耐圧試験は高電圧を使用するため、安全対策が不可欠です。テスト装置の接地、安全インターロック、漏れ電流トリップ設定(通常5mA以下)、作業者の絶縁手袋着用が必要です。試験後のディスチャージ(残留電荷の放電)も安全上重要な手順です。
試験電圧と時間を規格に基づき設定する
漏れ電流の判定値を設定する
安全対策と作業手順を確立する
4. 引張試験(プルテスト)
引張試験は、圧着やはんだ付けなどの接続部の機械的強度を検証するテストです。UL 486AやIPC/WHMA-A-620で規定された最小引張力(ワイヤーゲージに応じて設定)以上の強度を確認します。例えば、AWG 22では約17N、AWG 18では約45Nが目安です。
引張試験は、製造開始時、設定変更時、定期的な品質確認時に実施される抜取テストです。デジタルフォースゲージまたは引張試験機を使用し、接続部に徐々に引張力を加えて破壊点を記録します。非破壊の確認引張(定格の60-70%)も行われます。
ワイヤーゲージに応じた最小引張力を設定する
引張試験の実施頻度を決定する
フォースゲージの校正を定期的に実施する
5. 環境試験
環境試験は、ワイヤーハーネスが使用環境下で要求される性能を維持できることを検証する型式試験です。温度サイクル試験(-40~+125°C、500-1000サイクル)、振動試験(5-2000Hz)、耐湿試験(85°C/85%RH)、塩水噴霧試験(JIS Z 2371)が主要な試験項目です。
自動車向けでは、LV 124/LV 214(VWグループ)、ES規格(トヨタ)、NES規格(日産)など、OEM独自の環境試験規格が適用される場合があります。

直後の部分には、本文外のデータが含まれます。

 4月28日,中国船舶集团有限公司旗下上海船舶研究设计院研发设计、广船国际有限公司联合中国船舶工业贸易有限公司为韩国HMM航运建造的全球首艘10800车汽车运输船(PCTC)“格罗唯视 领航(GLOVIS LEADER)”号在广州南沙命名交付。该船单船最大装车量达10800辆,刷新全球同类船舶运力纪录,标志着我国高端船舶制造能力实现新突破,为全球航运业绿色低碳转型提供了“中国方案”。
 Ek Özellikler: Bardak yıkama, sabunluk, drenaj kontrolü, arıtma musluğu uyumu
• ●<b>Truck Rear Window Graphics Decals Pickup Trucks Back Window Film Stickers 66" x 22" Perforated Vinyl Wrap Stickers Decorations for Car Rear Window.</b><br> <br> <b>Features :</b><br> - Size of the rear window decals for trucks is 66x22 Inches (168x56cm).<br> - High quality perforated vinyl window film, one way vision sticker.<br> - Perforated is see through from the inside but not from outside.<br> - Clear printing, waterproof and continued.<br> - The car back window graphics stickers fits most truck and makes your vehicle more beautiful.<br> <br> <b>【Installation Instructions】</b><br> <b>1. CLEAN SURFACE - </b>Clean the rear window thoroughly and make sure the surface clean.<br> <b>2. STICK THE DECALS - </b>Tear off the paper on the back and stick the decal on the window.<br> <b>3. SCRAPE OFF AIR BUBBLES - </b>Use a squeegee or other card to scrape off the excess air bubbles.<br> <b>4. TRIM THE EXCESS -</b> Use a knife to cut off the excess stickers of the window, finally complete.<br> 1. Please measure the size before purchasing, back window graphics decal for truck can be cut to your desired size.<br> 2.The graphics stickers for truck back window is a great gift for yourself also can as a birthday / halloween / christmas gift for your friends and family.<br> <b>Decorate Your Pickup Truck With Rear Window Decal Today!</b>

これらの規格は一般規格より厳しい条件を設定していることが多いです。
使用環境に基づく環境試験項目を選定する
OEM固有の試験規格の要否を確認する
試験サンプル数と合否基準を決定する
6. 外観検査
外観検査は、IPC/WHMA-A-620の基準に基づいて、圧着状態、はんだ付け品質、配線処理、保護材の適用、ラベリング、コネクタの状態を目視で確認します。拡大鏡(3-10倍)または実体顕微鏡を使用して微細な不良を検出します。

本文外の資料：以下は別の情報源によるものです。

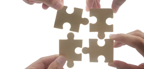 Collaborative puzzle assembly studio photography bright close-up teamwork concept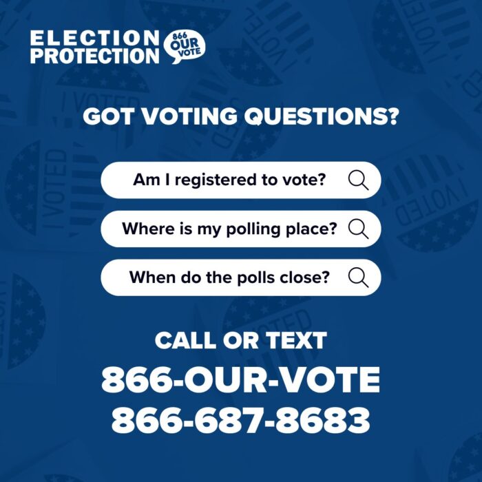 - Ensure that team also tells the congregation that if they learn last minute changes to polling locations or hours, to call the election protection hotline (866-OUR-VOTE/866-687-8683/888-VE-Y-VOTA/888-839-8682/888-API-VOTE/888-274-8683) and let the team know, so that they can also help inform local officials of any potential misinformation campaign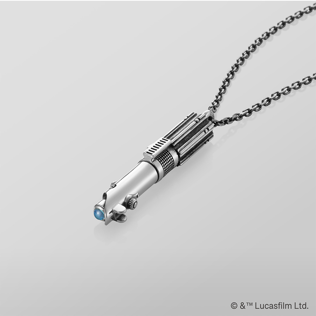 「ライトセーバー」をモチーフにしたネックレスには、それぞれの「カイバー・クリスタル」の色に合わせて天然石をセット。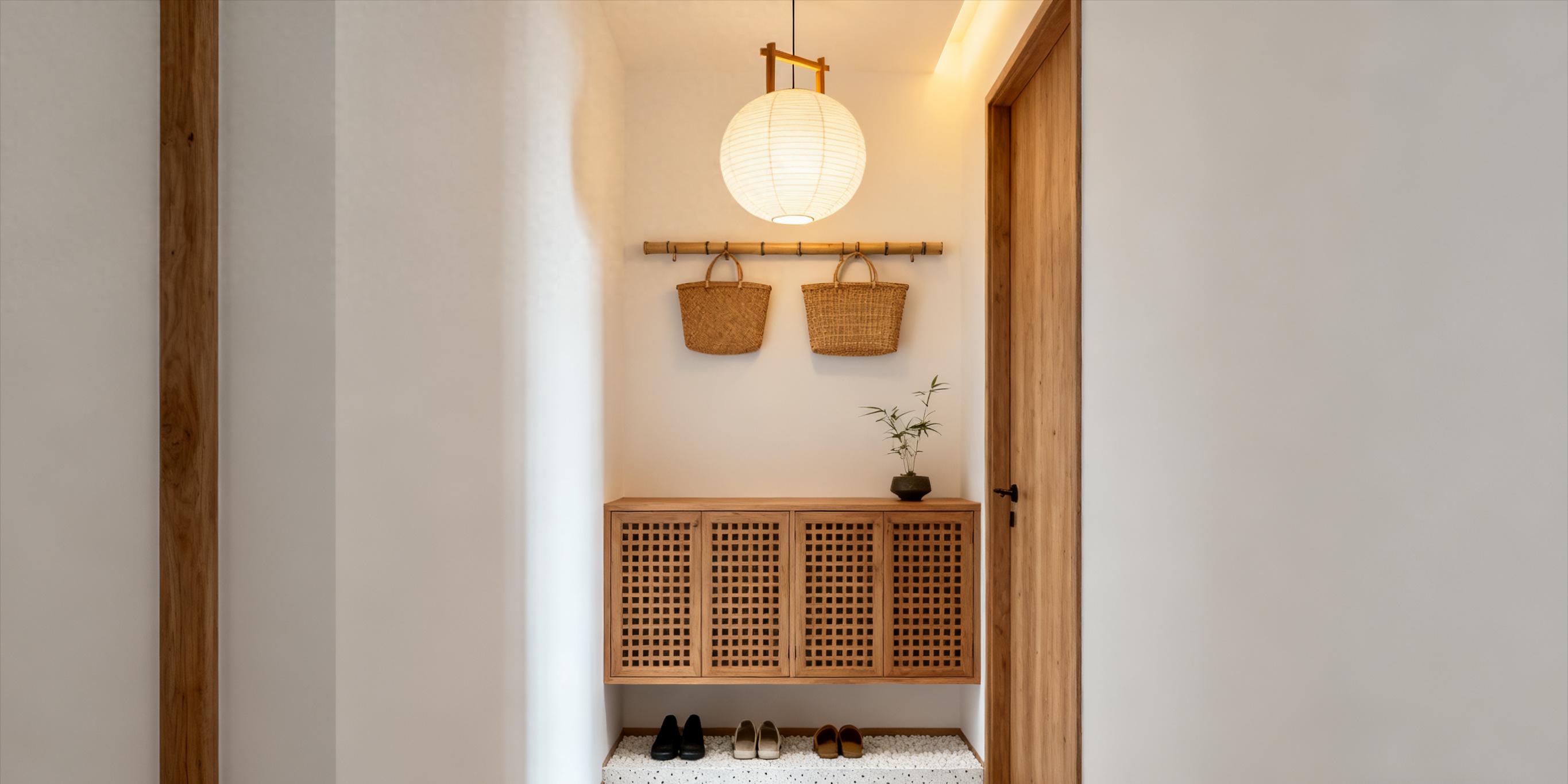 定制镂空原木鞋柜(宽 120cm× 深 35cm),上下留白,减轻体量感,墙面安装竹编挂衣架,下方设置白色水磨石换鞋区,与室内原木色自然区分,天花板垂落纸罩木架灯笼(直径 30cm),暖黄灯光 (2700K) 营造温馨入户氛围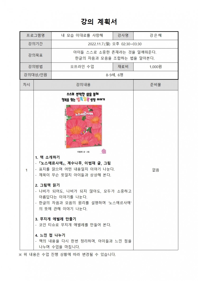 11월 북나들이 프로그램 - 내모습 이대로를 사랑해(8-9세)

外観検査の判定基準は、「目標」「許容」「不適合」の3段階で設定されます。検査員の主観による判定のばらつきを最小化するために、リミットサンプル(限度見本)の設定と定期的な検査員の能力評価が重要です。
IPC-620に基づく検査基準書を作成する
リミットサンプルを設定する
検査員の定期的な能力評価を実施する
7. 自動テストシステム
自動テストシステム(ATE)は、導通試験、耐圧試験、絶縁抵抗試験を1台の装置で統合的に実施できます。テストフィクスチャにハーネスをセットし、自動的に全テスト項目を実行して合否判定を行います。テスト時間は30秒-3分程度です。
高度なATEシステムは、テストデータの自動記録、統計分析(SPC)、バーコードによるトレーサビリティ、MES(製造実行システム)との連携機能を備えています。初期投資(100-1000万円)は大きいですが、全数テストの信頼性と効率を大幅に向上させます。
ATEの導入コストと効果を評価する
テストフィクスチャの設計・製作を計画する
テストデータの自動記録とSPCを導入する
8. テスト記録と文書化
テスト記録は、品質保証の証拠として、また不良発生時のトレーサビリティのために不可欠です。テスト結果、日時、設備ID、作業者、合否判定、不良内容の記録を、ロットまたはシリアル番号に紐付けて管理します。
テスト記録の保管期間は、製品の用途と規制要件によって異なります。一般産業用では5年、自動車用では15年、医療機器用では製品の最終出荷から10年以上が一般的です。電子記録の場合は、データの完全性とバックアップの確保が重要です。